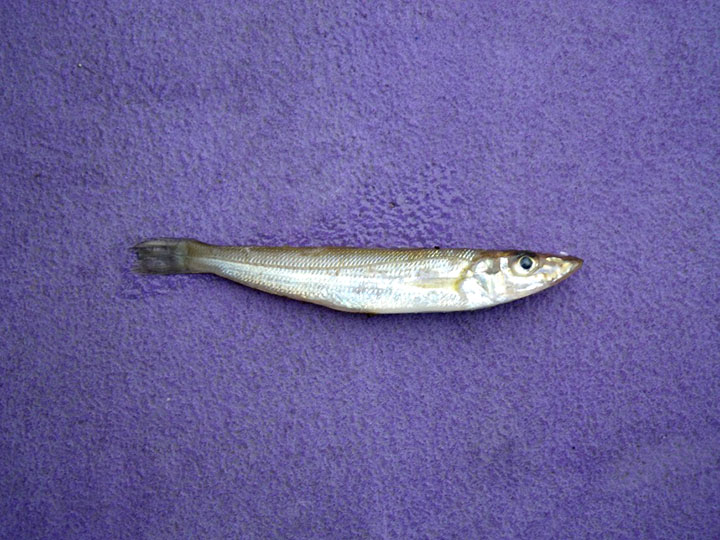 出船は7時、11名の釣り人を乗せた川崎丸は飯塚船長の操船でポイントへ向かいました。ポイントは10分弱の富津南沖。バケツに入っているサイマキの角を1/3~1/2ほど折って、口からハリを入れて角の付け根あたりに出します。ハリ先をチョコンと出すのがポイントです。乗合料金にはエサのサイマキは5尾付いていて、追加のエサは1尾100円で船長から購入します。
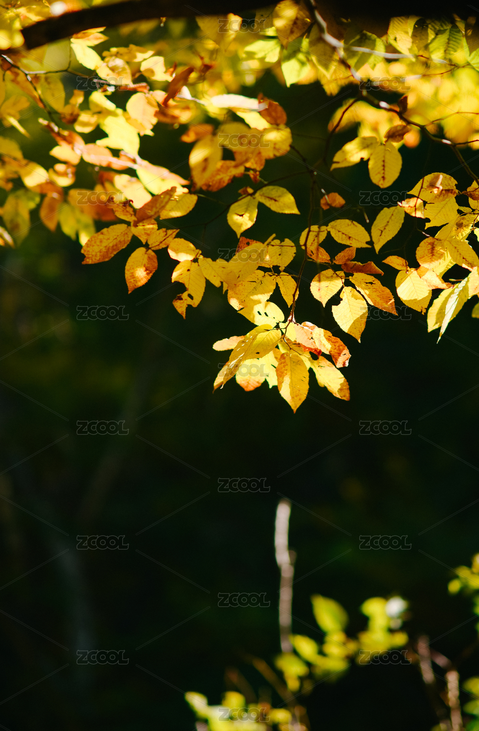 阳光下满画幅秋天金黄色树叶叶子的自然风景
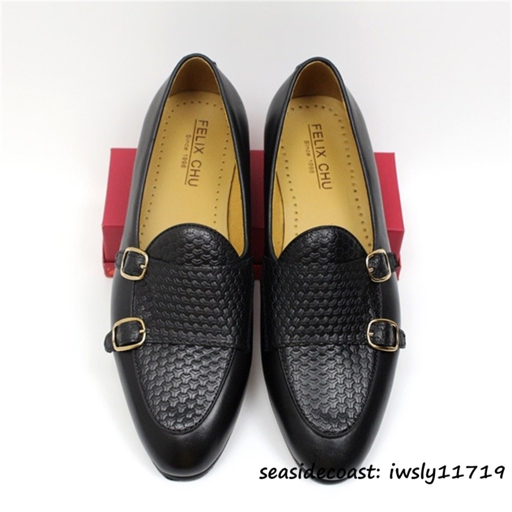 > 定価9万◆最高級 ローファー スリッポン 牛革 ビジネスシューズ 手作り 本革 レザーシューズ 個性 メンズ 通勤靴 結婚式 ブラック 26.5cm
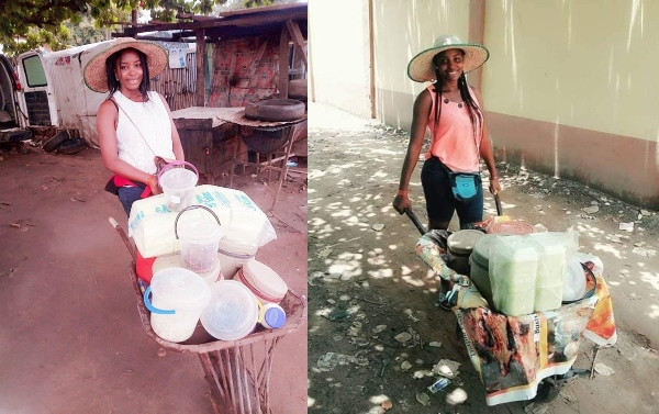 “Hello, this is me. I sell food on a wheelbarrow, yes I went to school, married to a lawyer, but some will say y r u doing this? Some even said u r beautiful to be selling food in a wheelbarrow? I laughed, see when God want to bless you he takes you out of yourself comfort zone, am not ashamed of my hustle, I got praises likewise criticised for my hustle.
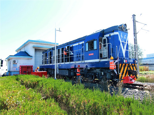 ?。ㄗT帥)9月22日,秋分時節(jié)的蒙西高原秋陽燦爛,天空瓦藍(lán)。上午9時55分,伴著一聲長鳴,中鐵一局集團軌道運營(新運)公司準(zhǔn)格爾鐵路公司配屬DF12型0291號內(nèi)燃機車緩緩駛?cè)雵苣掀簷z修整備線間。
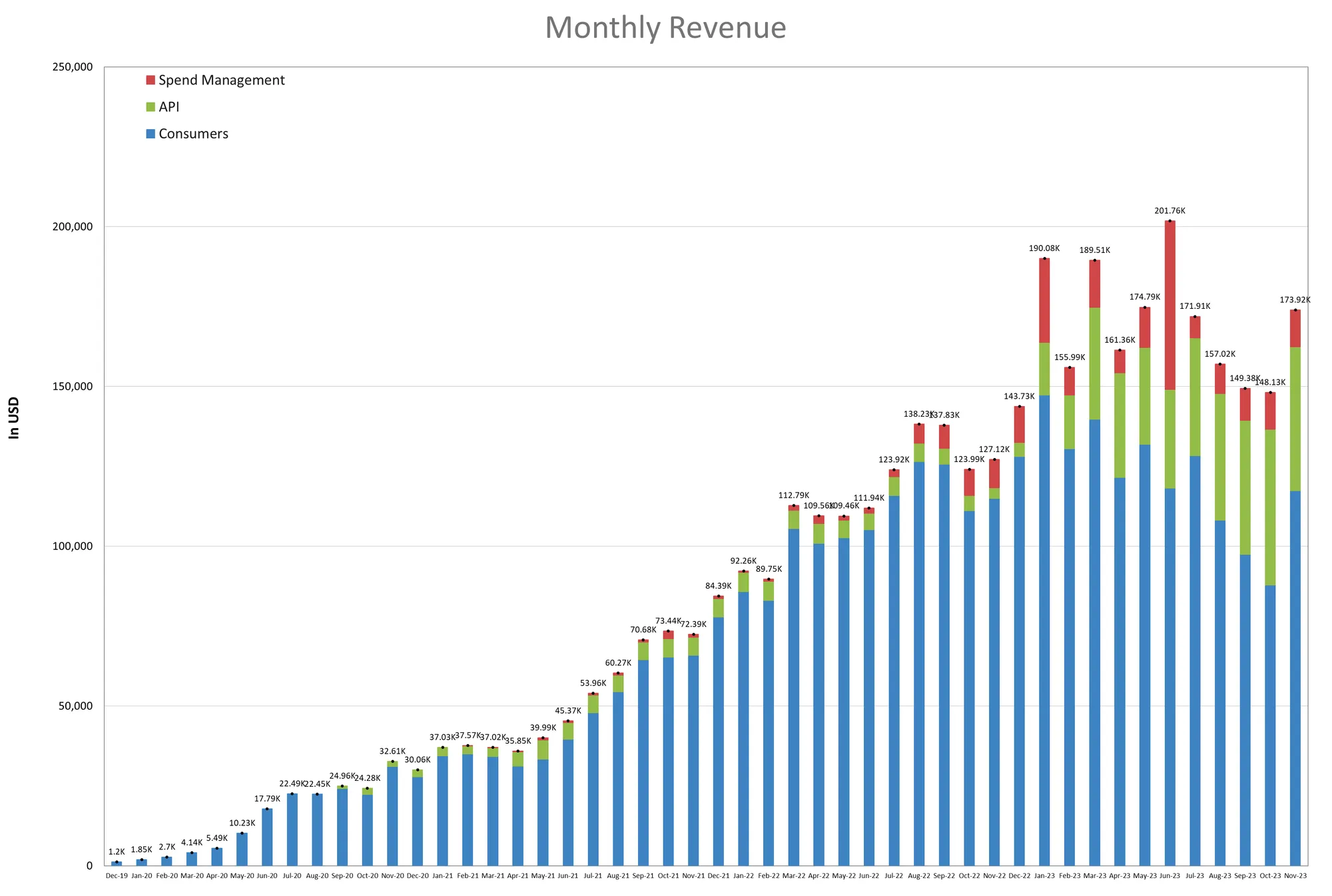 On a brighter note, our revenue for November reached an encouraging $174k, marking a 33.48% increase, largely driven by growth in the consumer platform.
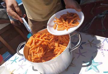 Around 14: 00 we will enjoy our km 0 lunch. We will taste pasta with prawns and scampi, fried paranza fish, sausage and local cheese. There will be wine, beer and homemade myrtle to finish with homemade sweets .
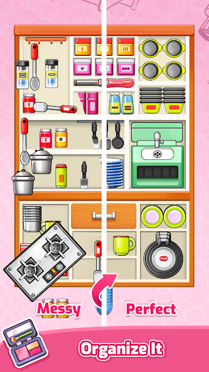 游戏中的场景丰富多样,包括厨房、浴室、卧室和化妆台等,带给你不同的整理体验。每个关卡都设置了独特的小挑战,让你不仅仅是在拖动物品,而是需要思考如何高效地进行整理。这些趣味关卡不仅增加了游戏的挑战性,也让你在轻松愉快中提升整理技能。
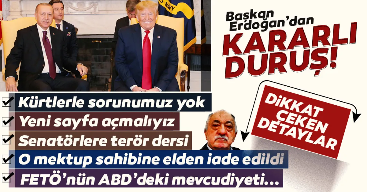 Başkan Erdoğan, Oval Ofis'te senatörlerle yaptığı toplantı sırasında adeta ders verdi. Erdoğan, Trump'a dönerek, "Sizin Kürt diye zikrettiğiniz, PYD/YPG. Bunlar terör örgütü, bunlar PKK'nın yan kuruluşlarıdır" dedi. Senatörlere, "Ferhat Abdi Şahin (Mazlum Kobani), Apo denilen bölücü terör örgütü başının aslında manevi evladıdır" bilgisini veren Erdoğan, "Güvenli Bölge'ye 1 milyon, Rakka ve Deyrizor bölgesine de 1 milyon mülteci yerleştirebiliriz" diye konuştu. Trump da Türkiye'nin 4 milyon mülteciye ev sahipliği yaptığını, Avrupa'nın artık sorumluluk alması gerektiğini söyledi.
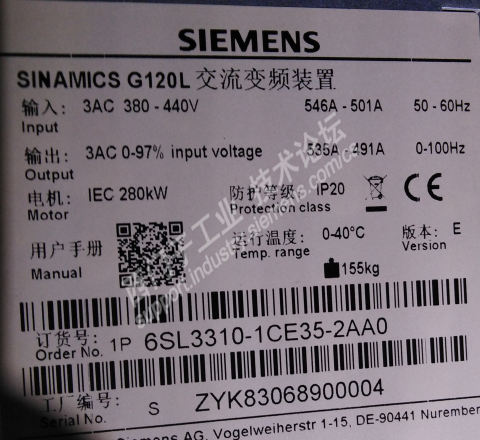 最近环保项目刚上了一台200KW电机,配了一台280KW的G120L变频装置,没有配置进线电抗器、出线电抗器。已投运,还未发现问题,供电系统:TN-C-S 控制方式:硬线4-20mA模拟量给定。
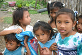 Additional pictures placed here also show a variety of photos from our trips such as my husband distributing goods to the Indian community, village scenes, a mola being started, a Kuna woman wearing one, and also how they can be used in your home to create a great cheerful and colorful one of a kind accent.

____

WHAT IS NEEDED: If a record contains a picture, leave the picture out; repeat the record itself exactly.

TASK RESULT:
 出船は7時、11名の釣り人を乗せた川崎丸は飯塚船長の操船でポイントへ向かいました。ポイントは10分弱の富津南沖。バケツに入っているサイマキの角を1/3~1/2ほど折って、口からハリを入れて角の付け根あたりに出します。ハリ先をチョコンと出すのがポイントです。乗合料金にはエサのサイマキは5尾付いていて、追加のエサは1尾100円で船長から購入します。
 阳光下满画幅秋天金黄色树叶叶子的自然风景
 > 定価9万◆最高級 ローファー スリッポン 牛革 ビジネスシューズ 手作り 本革 レザーシューズ 個性 メンズ 通勤靴 結婚式 ブラック 26.5cm
 “Hello, this is me. I sell food on a wheelbarrow, yes I went to school, married to a lawyer, but some will say y r u doing this? Some even said u r beautiful to be selling food in a wheelbarrow? I laughed, see when God want to bless you he takes you out of yourself comfort zone, am not ashamed of my hustle, I got praises likewise criticised for my hustle.
 ?。ㄗT帥)9月22日,秋分時節(jié)的蒙西高原秋陽燦爛,天空瓦藍(lán)。上午9時55分,伴著一聲長鳴,中鐵一局集團軌道運營(新運)公司準(zhǔn)格爾鐵路公司配屬DF12型0291號內(nèi)燃機車緩緩駛?cè)雵苣掀簷z修整備線間。
 On a brighter note, our revenue for November reached an encouraging $174k, marking a 33.48% increase, largely driven by growth in the consumer platform.
 Around 14: 00 we will enjoy our km 0 lunch. We will taste pasta with prawns and scampi, fried paranza fish, sausage and local cheese. There will be wine, beer and homemade myrtle to finish with homemade sweets .
 游戏中的场景丰富多样,包括厨房、浴室、卧室和化妆台等,带给你不同的整理体验。每个关卡都设置了独特的小挑战,让你不仅仅是在拖动物品,而是需要思考如何高效地进行整理。这些趣味关卡不仅增加了游戏的挑战性,也让你在轻松愉快中提升整理技能。
 Başkan Erdoğan, Oval Ofis'te senatörlerle yaptığı toplantı sırasında adeta ders verdi. Erdoğan, Trump'a dönerek, "Sizin Kürt diye zikrettiğiniz, PYD/YPG. Bunlar terör örgütü, bunlar PKK'nın yan kuruluşlarıdır" dedi. Senatörlere, "Ferhat Abdi Şahin (Mazlum Kobani), Apo denilen bölücü terör örgütü başının aslında manevi evladıdır" bilgisini veren Erdoğan, "Güvenli Bölge'ye 1 milyon, Rakka ve Deyrizor bölgesine de 1 milyon mülteci yerleştirebiliriz" diye konuştu. Trump da Türkiye'nin 4 milyon mülteciye ev sahipliği yaptığını, Avrupa'nın artık sorumluluk alması gerektiğini söyledi.
 最近环保项目刚上了一台200KW电机,配了一台280KW的G120L变频装置,没有配置进线电抗器、出线电抗器。已投运,还未发现问题,供电系统:TN-C-S 控制方式:硬线4-20mA模拟量给定。
 Additional pictures placed here also show a variety of photos from our trips such as my husband distributing goods to the Indian community, village scenes, a mola being started, a Kuna woman wearing one, and also how they can be used in your home to create a great cheerful and colorful one of a kind accent.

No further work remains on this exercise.